You can see all the From and To tables and columns. This makes it easier to spot incorrect Keys that are being used to join tables. The state of each relationship is also presented. This allows you to activate or inactivate relationships as necessary.
2. Cardinality In A Power BI Data Model
The Manage Relationships dialogue also makes it easy to view the cardinality and its direction.
Ideally, relationships can either be one-to-many or many-to-one. Power BI is excellent at defaulting the cardinality according to your data.
To view the cardinality, click the Edit button found at the bottom of the dialogue.
For this example, you can see the relationship between Sales and Channels. Scrolling to the right-most column of each table, you’ll see that Power BI has picked up the Channel Key for each row.
You can also choose the correct cardinality. Make sure that your cross filter direction is either Single or Both, depending on your data model.
Power BI uses Single as the default. So when you see that the default for the cross filter direction is Both, take a moment to confirm that the data in your data set is loaded and transformed as intended.
3. One-to-many Vs Many-to-one
For relationships in Power BI, it’s recommended to use one-to-many relationships as much as possible. This is denoted by a single directional arrowhead.
Avoid bi-directional relationships unless absolutely necessary. Bi-directional relationships are denoted by double directional arrowheads. These types of relationships can lead to inconsistent results and often require more complex DAX.
4. Active Vs Inactive Relationships
As an example, if you try to activate the OrderDate column from Sales, a pop-up will appear saying that you can’t do two relationships between the same two tables.
So, you’ll need to inactivate the Invoice Date relationship. That’s the time you can activate OrderDate.
Also, by using the USERELATIONSHIP command, you can use an inactive relationship on-demand in a DAX measure.
Adding Tables And Columns In A Power BI Data Model
1. Measure Tables
You can add Measure tables by choosing Enter Data from the Home menu.
Once you click that, a window will appear that allows you to create a new table.
When creating a Measure table, make sure to give it a meaningful name. In this case, it’s called Core Measures. Once done, click Load.
In this example, there is already an existing Core Measures table. So, Power BI automatically labels the newly created table as Core Measures (2). This also has a default Column 1.
Right-click Core Measures (2) and then select New measure.
For the sake of demonstration, let’s just input m1 = 1 in the measure.
This is now added under Core Measures (2). Make sure to delete or hide the default column.

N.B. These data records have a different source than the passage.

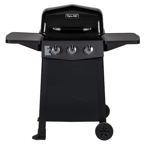 The Dyna-Glo 3-burner Open Cart Propane Gas Grill in Black features (3) 8,000 BTU stainless steel burners with a total cooking area of 449 sq. in. The 310 sq. in. primary cooking area houses easy to clean porcelain cooking grates and porcelain coated heat tents that help vaporize foods natural juices to add flavor to your food while spreading the heat to create an even cooking surface. The porcelain enamel warming rack provides an additional 139 sq. in. to keep food warm and 2 large side tables furnish extra food preparation space. The high gloss black porcelain finish of the grill lid ensures easy cleanup and 2 wheels make it simple to reposition your grill once its cooled off.
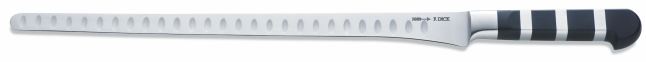 Coltello per salmone e prosciutto lama alveolata Serie 1905 di Dick potete ottienere fette sottili e lisce di salmone per sushi e altre ricette con questa affettatrice per salmone.
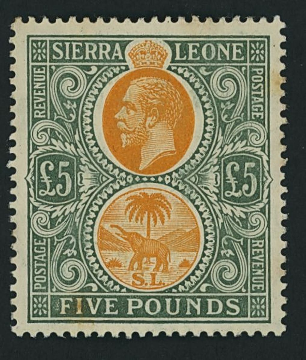 1912-21 MCA £5 orange and green, a few tone spots on reverse just showing through at foot, otherwise fine and very lightly mounted mint. S.G. 130, £4,500

If you hide and then expand the Field pane, you’ll see that Core Measures (2) now appears at the top of the field.
2. Linking Columns
When it comes to linking columns in Power BI, it’s recommended to use the suffix Key on any column that will be used for linking. If a column ends with ID or Code, you need to be wary of them as they may mean different things in different tables
You should only link columns that have similar names. For example, when linking the Customer Key, it’s important to ensure that all fields used for linking all end with the word Key. You also need to make sure that they’re of the correct data type.
3. Column Visibility
If you’ll be the only one using the Power BI report you created, then column visibility is not that big of a deal. However, if you’ll be publishing a report or data set to be used by others, it’s a good idea to tidy things up.

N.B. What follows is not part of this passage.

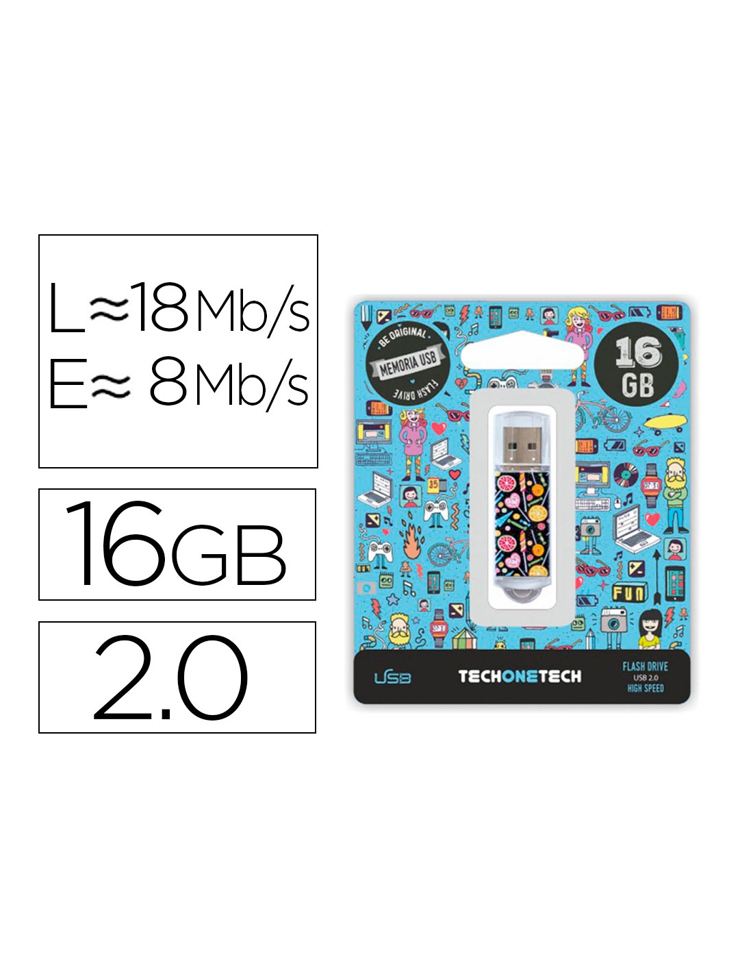 Memoria usb techonetech flash drive 16 gb 2.0 candy pop

You can do so by selecting the correct measures for the visuals and then hiding columns that don’t appear in them. Hidden columns are grayed-out.
To hide columns, you only need to right-click on a specific column and then select Hide.

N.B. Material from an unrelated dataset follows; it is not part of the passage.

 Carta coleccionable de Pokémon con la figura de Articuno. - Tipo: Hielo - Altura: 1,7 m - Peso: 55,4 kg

You can choose to hide hidden columns by right-clicking on the Field pane and then unchecking View hidden.
This tutorial provides you with a comprehensive outline of the things you need to consider and execute when creating data models in Power BI.
It’s important to make sure that data models and the relationships are set up correctly to avoid complications in the later stages of developing your report. Following these tips will guarantee a seamless flow from start to finish.